## Work order
Give the whole listing below once more, exactly, without pictures.

## Data shown
━━━

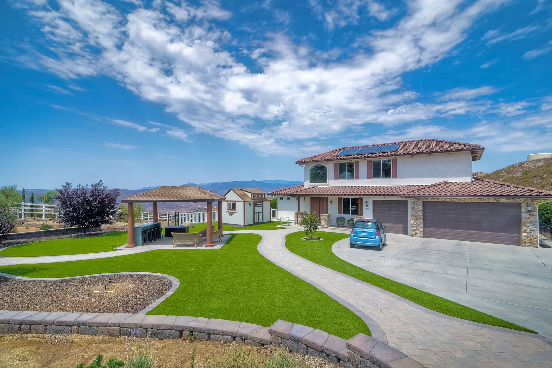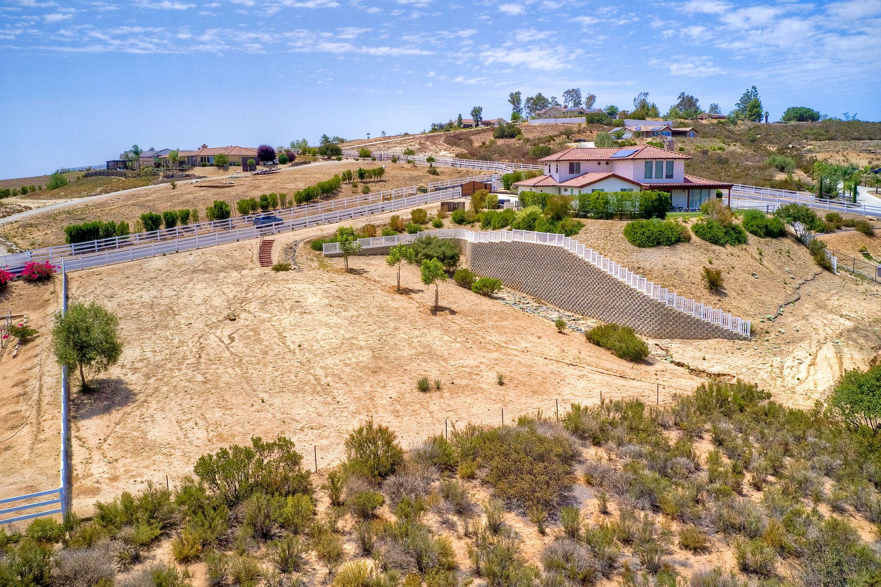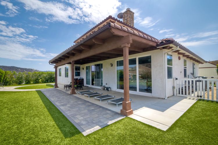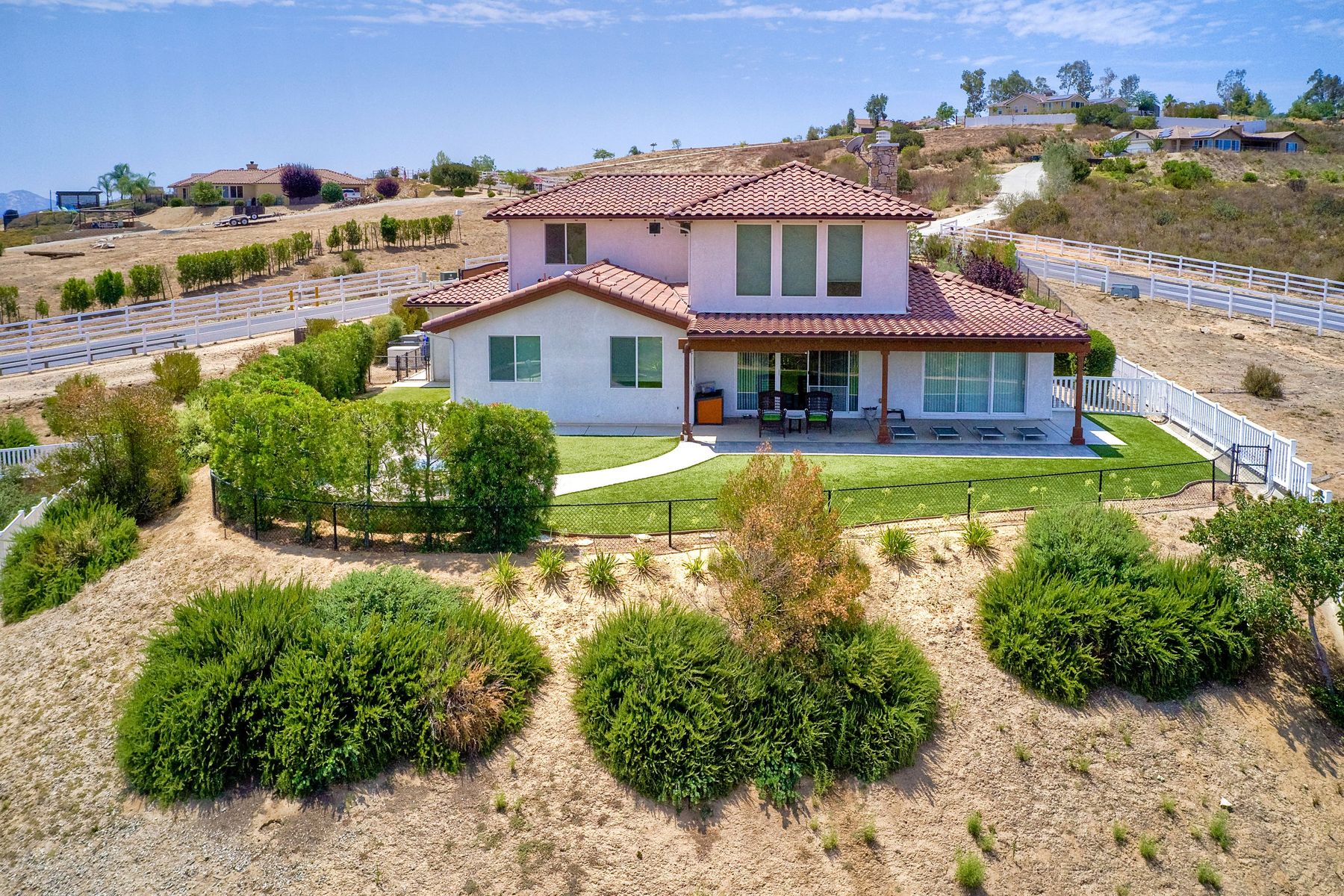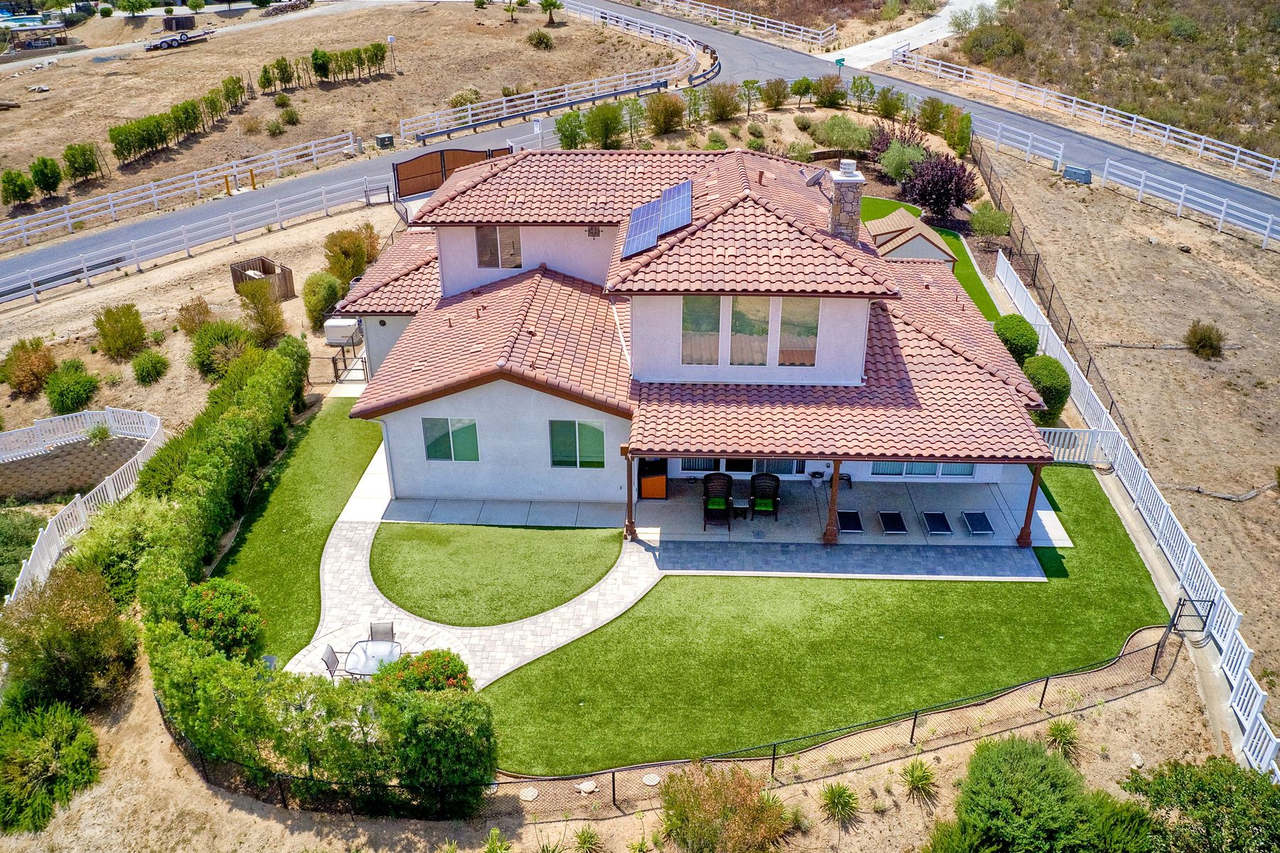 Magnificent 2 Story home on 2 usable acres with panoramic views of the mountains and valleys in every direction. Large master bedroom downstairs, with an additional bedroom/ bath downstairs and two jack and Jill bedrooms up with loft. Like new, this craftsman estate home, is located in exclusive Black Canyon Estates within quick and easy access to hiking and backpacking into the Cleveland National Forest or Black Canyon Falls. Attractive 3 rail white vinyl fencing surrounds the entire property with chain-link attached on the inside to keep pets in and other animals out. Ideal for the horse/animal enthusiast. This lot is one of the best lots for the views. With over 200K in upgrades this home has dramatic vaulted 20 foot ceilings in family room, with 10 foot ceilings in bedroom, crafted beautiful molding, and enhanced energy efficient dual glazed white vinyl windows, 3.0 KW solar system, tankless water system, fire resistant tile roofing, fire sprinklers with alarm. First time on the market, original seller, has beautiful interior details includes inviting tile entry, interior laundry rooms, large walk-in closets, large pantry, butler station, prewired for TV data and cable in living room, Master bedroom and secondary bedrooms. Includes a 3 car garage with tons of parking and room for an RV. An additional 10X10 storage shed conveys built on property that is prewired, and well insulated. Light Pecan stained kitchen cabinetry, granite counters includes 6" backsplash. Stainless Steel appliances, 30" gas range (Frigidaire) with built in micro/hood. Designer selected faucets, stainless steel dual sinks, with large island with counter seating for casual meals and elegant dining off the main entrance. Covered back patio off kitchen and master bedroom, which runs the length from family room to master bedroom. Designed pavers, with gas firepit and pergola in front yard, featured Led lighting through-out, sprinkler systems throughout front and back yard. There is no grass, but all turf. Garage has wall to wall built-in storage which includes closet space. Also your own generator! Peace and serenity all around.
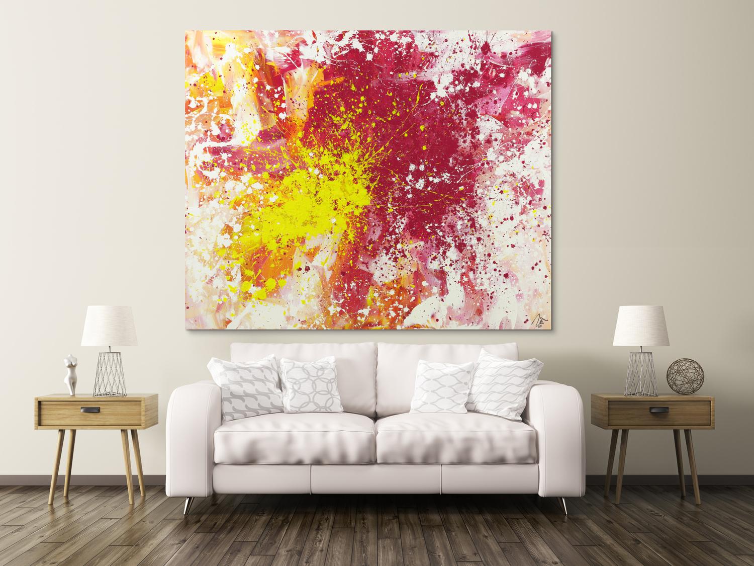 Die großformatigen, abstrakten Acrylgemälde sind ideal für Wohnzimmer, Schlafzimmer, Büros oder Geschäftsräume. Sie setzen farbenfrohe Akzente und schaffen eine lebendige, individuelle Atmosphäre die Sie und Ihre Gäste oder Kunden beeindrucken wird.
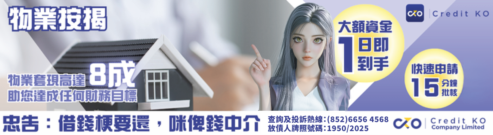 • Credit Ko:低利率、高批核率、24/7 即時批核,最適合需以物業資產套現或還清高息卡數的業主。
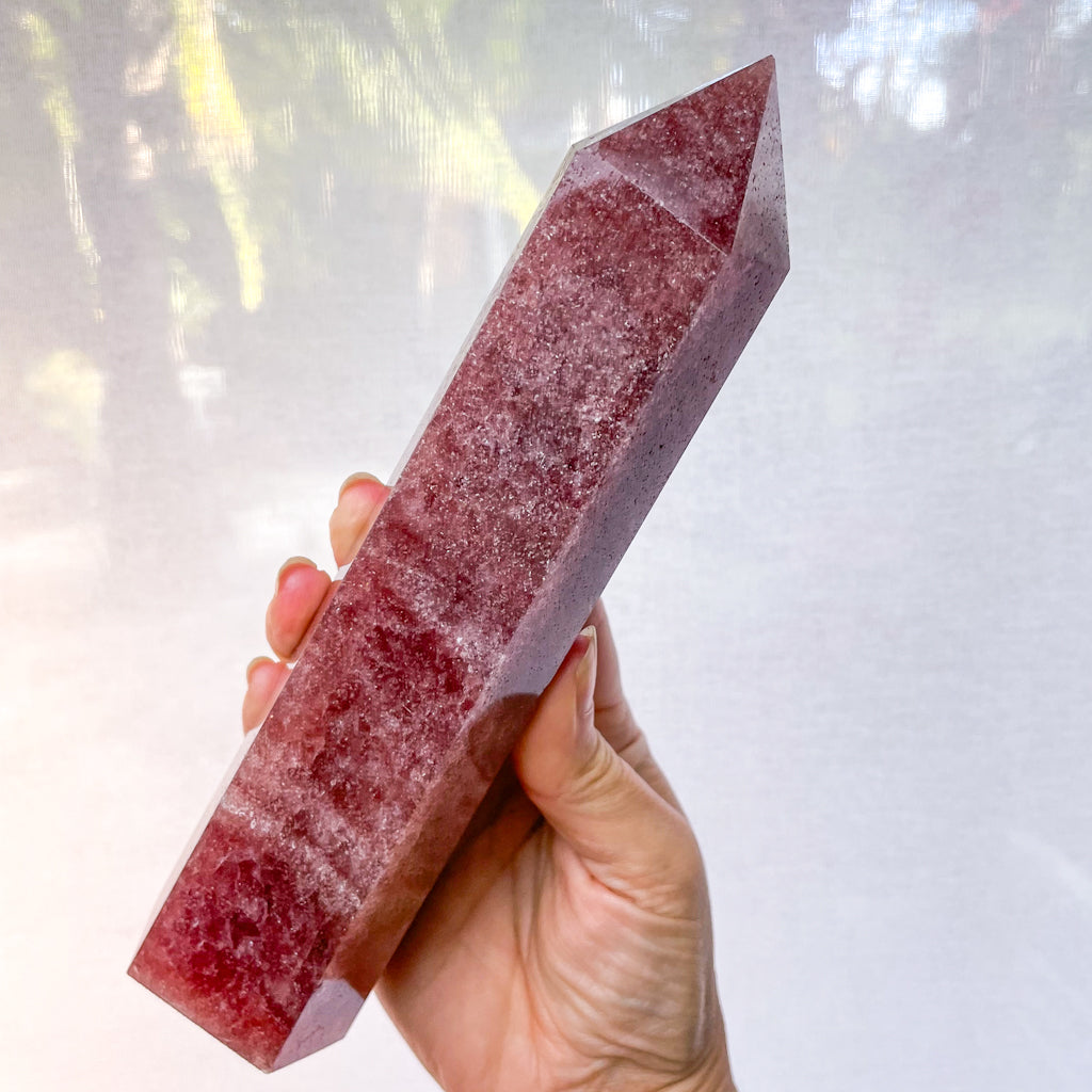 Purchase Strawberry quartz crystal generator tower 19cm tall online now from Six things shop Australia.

━━━

## Completed task
 Magnificent 2 Story home on 2 usable acres with panoramic views of the mountains and valleys in every direction. Large master bedroom downstairs, with an additional bedroom/ bath downstairs and two jack and Jill bedrooms up with loft. Like new, this craftsman estate home, is located in exclusive Black Canyon Estates within quick and easy access to hiking and backpacking into the Cleveland National Forest or Black Canyon Falls. Attractive 3 rail white vinyl fencing surrounds the entire property with chain-link attached on the inside to keep pets in and other animals out. Ideal for the horse/animal enthusiast. This lot is one of the best lots for the views. With over 200K in upgrades this home has dramatic vaulted 20 foot ceilings in family room, with 10 foot ceilings in bedroom, crafted beautiful molding, and enhanced energy efficient dual glazed white vinyl windows, 3.0 KW solar system, tankless water system, fire resistant tile roofing, fire sprinklers with alarm. First time on the market, original seller, has beautiful interior details includes inviting tile entry, interior laundry rooms, large walk-in closets, large pantry, butler station, prewired for TV data and cable in living room, Master bedroom and secondary bedrooms. Includes a 3 car garage with tons of parking and room for an RV. An additional 10X10 storage shed conveys built on property that is prewired, and well insulated. Light Pecan stained kitchen cabinetry, granite counters includes 6" backsplash. Stainless Steel appliances, 30" gas range (Frigidaire) with built in micro/hood. Designer selected faucets, stainless steel dual sinks, with large island with counter seating for casual meals and elegant dining off the main entrance. Covered back patio off kitchen and master bedroom, which runs the length from family room to master bedroom. Designed pavers, with gas firepit and pergola in front yard, featured Led lighting through-out, sprinkler systems throughout front and back yard. There is no grass, but all turf. Garage has wall to wall built-in storage which includes closet space. Also your own generator! Peace and serenity all around.
 Die großformatigen, abstrakten Acrylgemälde sind ideal für Wohnzimmer, Schlafzimmer, Büros oder Geschäftsräume. Sie setzen farbenfrohe Akzente und schaffen eine lebendige, individuelle Atmosphäre die Sie und Ihre Gäste oder Kunden beeindrucken wird.
 • Credit Ko:低利率、高批核率、24/7 即時批核,最適合需以物業資產套現或還清高息卡數的業主。
 Purchase Strawberry quartz crystal generator tower 19cm tall online now from Six things shop Australia.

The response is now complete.